TitleCase and snake_case in the same set of columns?? We can't allow that!

In [23]:
column_rename_mapping = {
    "VendorID": "vendor_id",
    "RatecodeID": "ratecode_id",
    "PULocationID": "pu_location_id",
    "DOLocationID": "do_location_id",
    "Airport_fee": "airport_fee",
}
(df.rename(column_rename_mapping).head())

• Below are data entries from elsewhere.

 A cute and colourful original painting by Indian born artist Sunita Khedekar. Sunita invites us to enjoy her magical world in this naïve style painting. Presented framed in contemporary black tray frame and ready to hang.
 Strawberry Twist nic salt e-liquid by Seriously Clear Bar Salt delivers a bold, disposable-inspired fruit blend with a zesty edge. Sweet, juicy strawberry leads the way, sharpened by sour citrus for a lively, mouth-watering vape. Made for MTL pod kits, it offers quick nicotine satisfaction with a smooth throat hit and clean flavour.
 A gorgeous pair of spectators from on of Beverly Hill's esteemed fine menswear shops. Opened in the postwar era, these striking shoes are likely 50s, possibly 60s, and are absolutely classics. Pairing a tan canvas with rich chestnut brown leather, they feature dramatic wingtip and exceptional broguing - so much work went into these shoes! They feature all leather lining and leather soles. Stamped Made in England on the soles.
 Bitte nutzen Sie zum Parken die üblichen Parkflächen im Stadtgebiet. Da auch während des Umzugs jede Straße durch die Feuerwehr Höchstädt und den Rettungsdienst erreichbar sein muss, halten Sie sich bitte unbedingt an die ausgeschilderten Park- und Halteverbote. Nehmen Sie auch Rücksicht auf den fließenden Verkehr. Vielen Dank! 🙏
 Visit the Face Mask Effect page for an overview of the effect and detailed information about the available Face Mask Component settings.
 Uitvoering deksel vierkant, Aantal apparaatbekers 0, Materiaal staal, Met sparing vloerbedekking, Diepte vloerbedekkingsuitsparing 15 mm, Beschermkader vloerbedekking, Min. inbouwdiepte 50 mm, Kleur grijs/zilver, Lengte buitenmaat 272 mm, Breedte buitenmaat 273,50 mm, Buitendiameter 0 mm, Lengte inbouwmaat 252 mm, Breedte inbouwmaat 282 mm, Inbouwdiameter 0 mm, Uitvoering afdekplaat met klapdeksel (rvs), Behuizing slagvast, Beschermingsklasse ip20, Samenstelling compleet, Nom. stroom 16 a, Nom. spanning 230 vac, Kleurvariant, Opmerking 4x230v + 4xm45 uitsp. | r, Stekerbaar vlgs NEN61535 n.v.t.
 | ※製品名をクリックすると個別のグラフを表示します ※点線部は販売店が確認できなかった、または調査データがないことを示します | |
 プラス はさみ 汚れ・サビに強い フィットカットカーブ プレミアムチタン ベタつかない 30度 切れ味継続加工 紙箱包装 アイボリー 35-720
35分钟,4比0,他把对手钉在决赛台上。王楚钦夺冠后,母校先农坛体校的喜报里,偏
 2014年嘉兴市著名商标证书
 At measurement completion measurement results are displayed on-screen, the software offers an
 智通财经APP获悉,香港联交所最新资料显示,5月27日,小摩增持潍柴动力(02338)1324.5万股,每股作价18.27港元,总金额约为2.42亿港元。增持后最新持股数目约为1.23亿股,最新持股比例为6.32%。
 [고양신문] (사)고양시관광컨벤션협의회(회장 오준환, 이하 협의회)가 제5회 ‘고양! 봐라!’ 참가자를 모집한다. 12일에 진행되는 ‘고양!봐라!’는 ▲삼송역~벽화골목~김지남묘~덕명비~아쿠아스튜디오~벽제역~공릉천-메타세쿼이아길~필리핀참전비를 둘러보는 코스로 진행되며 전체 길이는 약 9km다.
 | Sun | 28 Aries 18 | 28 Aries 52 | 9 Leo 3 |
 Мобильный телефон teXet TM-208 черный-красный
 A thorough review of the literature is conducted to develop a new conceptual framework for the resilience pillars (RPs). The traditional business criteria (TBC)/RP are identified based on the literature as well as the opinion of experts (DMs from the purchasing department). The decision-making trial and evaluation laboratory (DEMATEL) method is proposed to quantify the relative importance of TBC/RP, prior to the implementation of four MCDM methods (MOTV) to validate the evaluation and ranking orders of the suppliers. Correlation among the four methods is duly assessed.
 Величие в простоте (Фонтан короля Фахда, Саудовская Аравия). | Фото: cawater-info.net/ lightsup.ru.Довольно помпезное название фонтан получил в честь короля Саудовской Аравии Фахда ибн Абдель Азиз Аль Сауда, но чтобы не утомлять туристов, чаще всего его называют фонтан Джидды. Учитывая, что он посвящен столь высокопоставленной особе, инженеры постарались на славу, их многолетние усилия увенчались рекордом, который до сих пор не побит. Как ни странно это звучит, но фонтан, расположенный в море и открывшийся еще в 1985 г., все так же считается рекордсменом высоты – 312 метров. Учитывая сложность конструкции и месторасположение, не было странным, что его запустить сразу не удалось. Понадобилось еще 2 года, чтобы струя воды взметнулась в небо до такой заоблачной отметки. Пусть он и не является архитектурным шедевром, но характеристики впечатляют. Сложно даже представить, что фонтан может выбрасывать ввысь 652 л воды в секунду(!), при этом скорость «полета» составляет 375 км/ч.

vendor_id,tpep_pickup_datetime,tpep_dropoff_datetime,passenger_count,trip_distance,ratecode_id,store_and_fwd_flag,pu_location_id,do_location_id,payment_type,fare_amount,extra,mta_tax,tip_amount,tolls_amount,improvement_surcharge,total_amount,congestion_surcharge,airport_fee
i32,datetime[ns],datetime[ns],i64,f64,i64,str,i32,i32,i64,f64,f64,f64,f64,f64,f64,f64,f64,f64
1,2024-03-01 00:18:51,2024-03-01 00:23:45,0,1.3,1,"""N""",142,239,1,8.6,3.5,0.5,2.7,0.0,1.0,16.3,2.5,0.0
1,2024-03-01 00:26:00,2024-03-01 00:29:06,0,1.1,1,"""N""",238,24,1,7.2,3.5,0.5,3.0,0.0,1.0,15.2,2.5,0.0
2,2024-03-01 00:09:22,2024-03-01 00:15:24,1,0.86,1,"""N""",263,75,2,7.9,1.0,0.5,0.0,0.0,1.0,10.4,0.0,0.0
2,2024-03-01 00:33:45,2024-03-01 00:39:34,1,0.82,1,"""N""",164,162,1,7.9,1.0,0.5,1.29,0.0,1.0,14.19,2.5,0.0
1,2024-03-01 00:05:43,2024-03-01 00:26:22,0,4.9,1,"""N""",263,7,2,25.4,3.5,0.5,0.0,0.0,1.0,30.4,2.5,0.0


Easy, looking good!

# Conclusion

In this module, we learned some advanced selecting techniques, including operations on multi-column `pl.Expr` objects, `.with_columns()`, `.drop()`, and `.rename()`, thus preparing us to create some more advanced queries in the next module.